Termination of the Executive's employment pursuant to this Employment Agreement
shall be governed by Sections 4 and 5.

         2.2     Duties.  The Executive shall devote substantially all of his
time and attention and best efforts during normal business hours to the
Company's affairs.  The Executive shall have such duties and responsibilities
as are assigned to him from time to time by the Board of Directors.  As of the
effective date of this Employment Agreement, the Executive shall continue to
possess and assume management authority and responsibility as Scientific
Director of the Company consistent with general directives from the Board of
Directors and Chief Executive Officer of the Company, which responsibility
shall include, without limitation, responsibility for the Company's clinical
program, including standard guidelines, clinical trial, publications] and
relationships with physician and the Company's protocols, clinical trials and
relationships with physician investigator organizations.

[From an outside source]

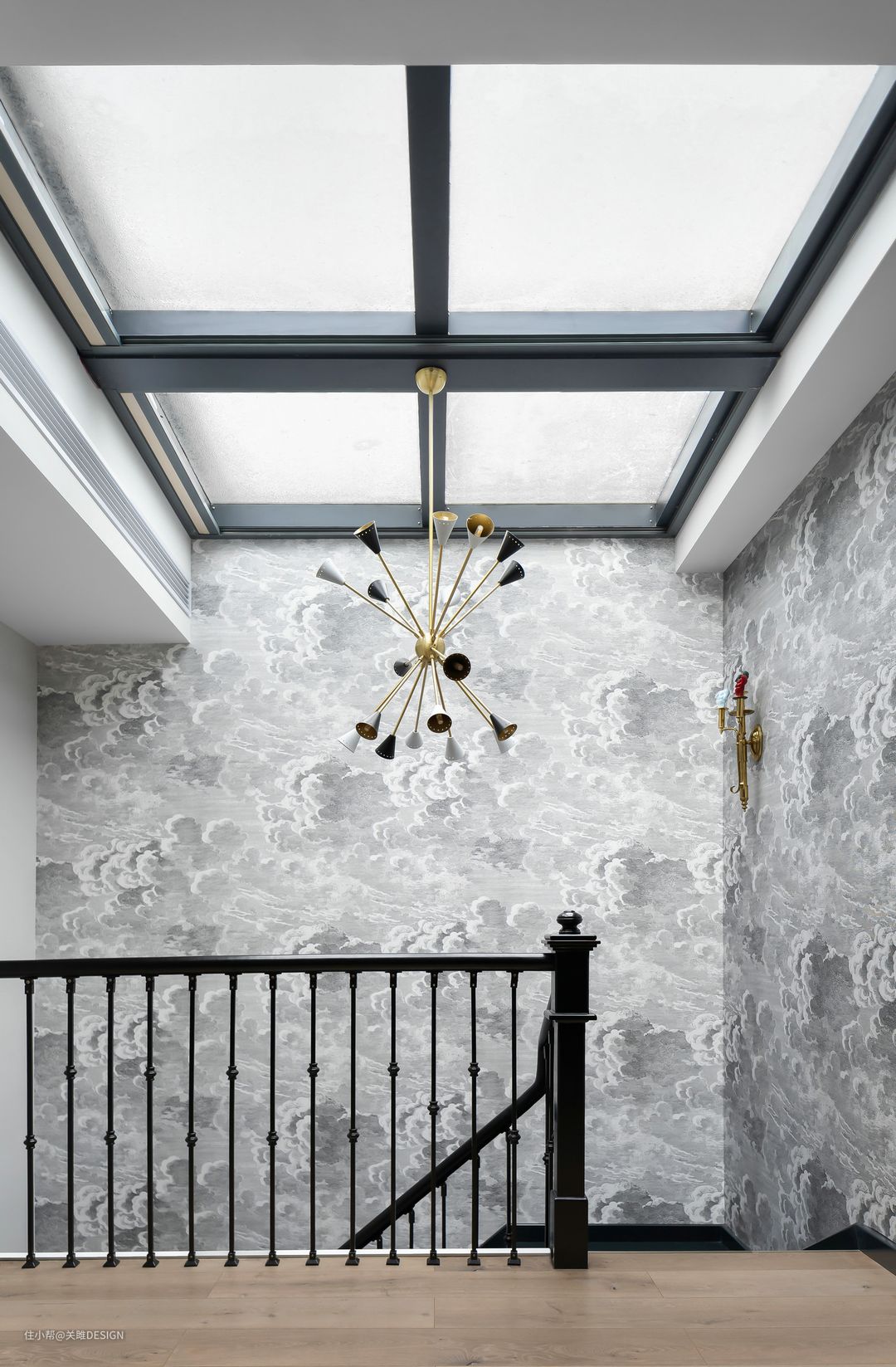 完成后的楼梯间,我们选用了乌云壁纸从一楼铺满到二楼,直到触碰到天光。预留出来的玻璃顶面,也预留了中央空调风口和顶面遮阳帘,解决长沙为时两个月的火炉天气。

         2.3     Location.  The duties of the Executive shall be performed at
such locations and places as may be directed by the Board of Directors.

                                   SECTION 3
                           COMPENSATION AND BENEFITS
<PAGE>   2


         3.1     Base Compensation.  The Company shall pay the Executive a base
salary ("Base Salary") of $218,000 per annum, subject to applicable
withholdings.  Base Salary shall be payable according to the customary payroll
practices of the Company but in no event less frequently than once each month.
The Base Salary shall be reviewed annually and shall be subject to increase or
decrease according to the policies and practices adopted by the Board of
Directors from time to time; provided, however, that in no event shall the Base
Salary for any year be decreased by more than five percent (5%) from the
immediately preceding year's Base Salary as a result of any such annual review.

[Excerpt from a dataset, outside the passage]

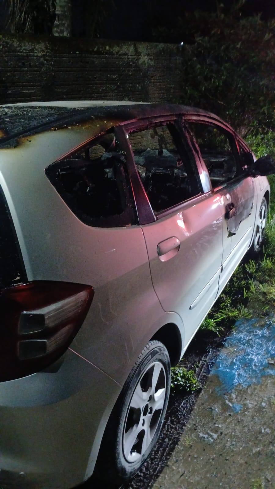 Antes de fugir, os ocupantes colocaram fogo no interior do Honda Fit, cor prata.
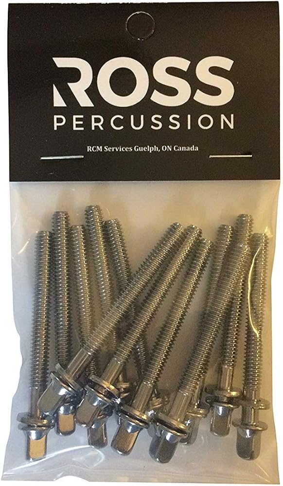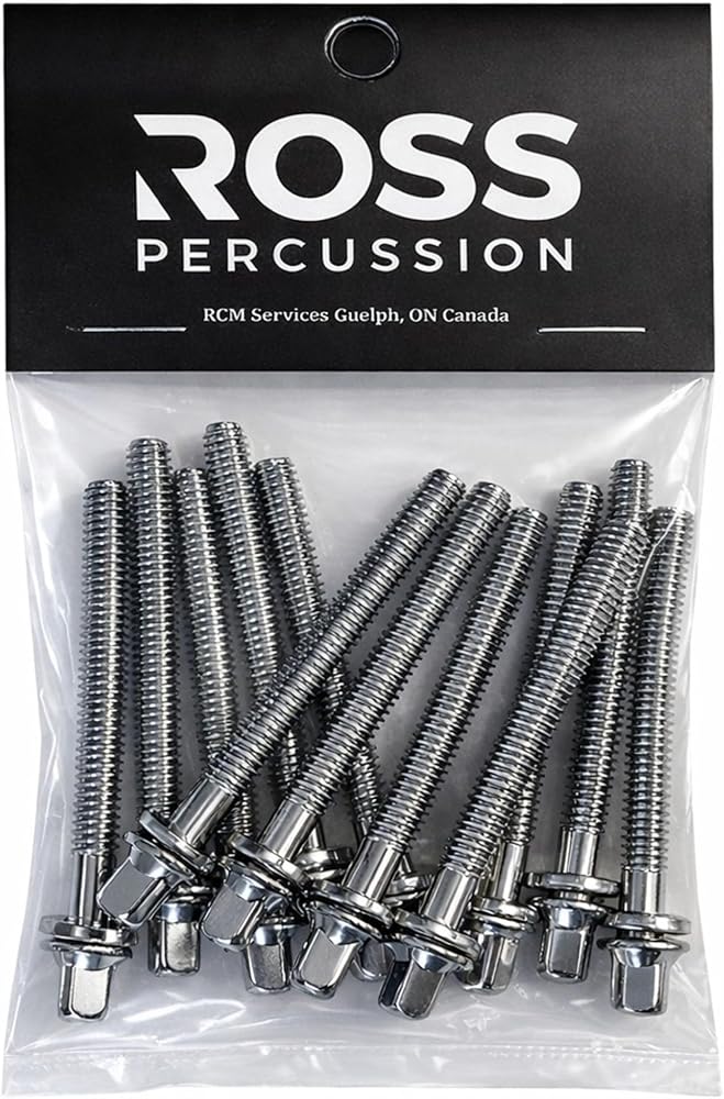 ROSS Percussion Tension Rods with washers for drums 1 5/8 Inch - 12 Pack Chrome Plated

         3.2     Annual Incentive Awards.  The Company will pay the Executive
annual incentive compensation of up to 50% of his Base Salary, in accordance
with policies and based on performance targets established annually by the
Compensation Committee of the Board of Directors.  In addition to the
foregoing, the Company will pay the Executive an amount equal to four (4%)
percent of all contractual research revenue, payable bi-annually on January 15
and July 15 based on contractual research revenue ("Research Revenue")
received for the six month periods ended December 31 and June 30, respectively
("Research Bonus").  Upon any termination of the Executive's employment by the
Company, or upon death or disability of the Executive, the Company will compute
the amount of Research Revenue receivable pursuant to contracts signed by the
Company prior to such termination and shall accrue the amount of Research Bonus
payable to the Executive in respect thereof.  Such Research Bonus shall be paid
as the Research Revenue giving rise thereto is collected, notwithstanding
termination of the Executive's employment.

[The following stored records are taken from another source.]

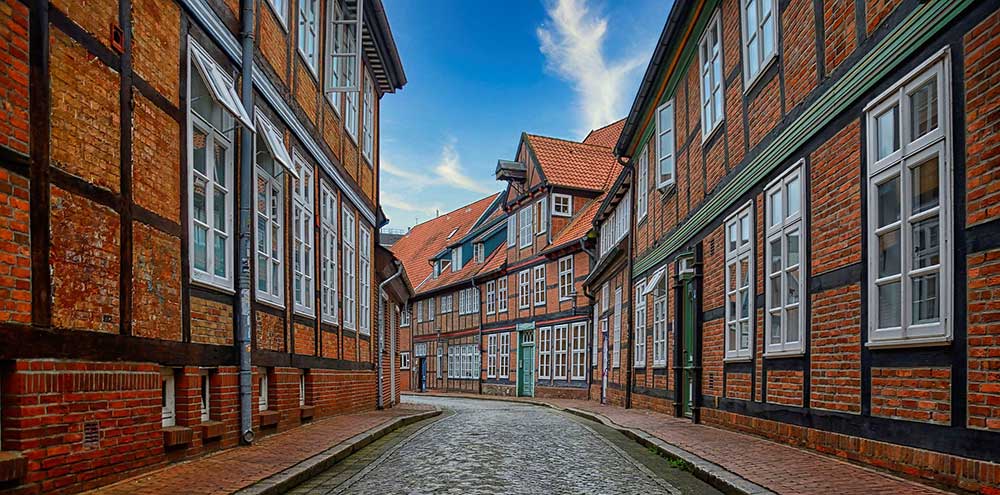 The historic Alte Hansestrasse showcases well-preserved half-timbered houses, medieval architecture, and examples of traditional North German building styles, while Pferdemarkt represents a historic square that once served as a horse market and now features traditional buildings and surrounding architecture, serving as a quiet area for walking.
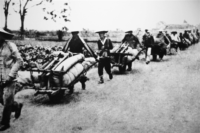 淮海战役期间,张云逸把支前工作做得有声有色,为保障战役的胜利作出了重要贡献。淮海战役支前工作有一个突出的特点,那就是数十万民工日夜兼程奔走千里往前线运输物资。陈毅曾感慨地说,淮海战役的胜利是民工用小车推出来的,没有人民群众的支援,取得如此丰硕的成果是不可想象的。而这一切又与张云逸的精心组织安排分不开。
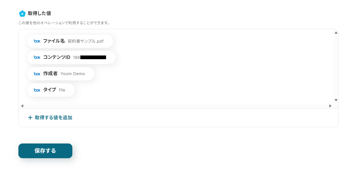 - テストに成功すると、設定した項目がファイルから抽出され、「取得した値」に追加されます。

         3.3     Additional Benefits.  The Executive will be entitled to
participate in all employee benefit plans or programs and receive all benefits
and perquisites to which any salaried employees are eligible under any existing
or future plans or programs established by the Company for salaried employees.
The Executive will participate to the extent permissible under the terms and
provisions of such plans or programs in accordance with program provisions.
These may include group hospitalization, health, dental care, life or other
insurance, tax qualified pension, car allowance, savings, thrift and profit
sharing plans, termination pay programs, sick leave  plans, travel or accident
insurance, disability insurance, and contingent compensation plans, including
capital accumulation programs, restricted stock programs, stock purchase
programs and stock options plans.  Nothing in this Agreement will preclude the
Company from amending or terminating any of the plans or programs applicable to
salaried employees or senior executives.  The Executive will be entitled to an
annual paid vacation as established by the Board of Directors.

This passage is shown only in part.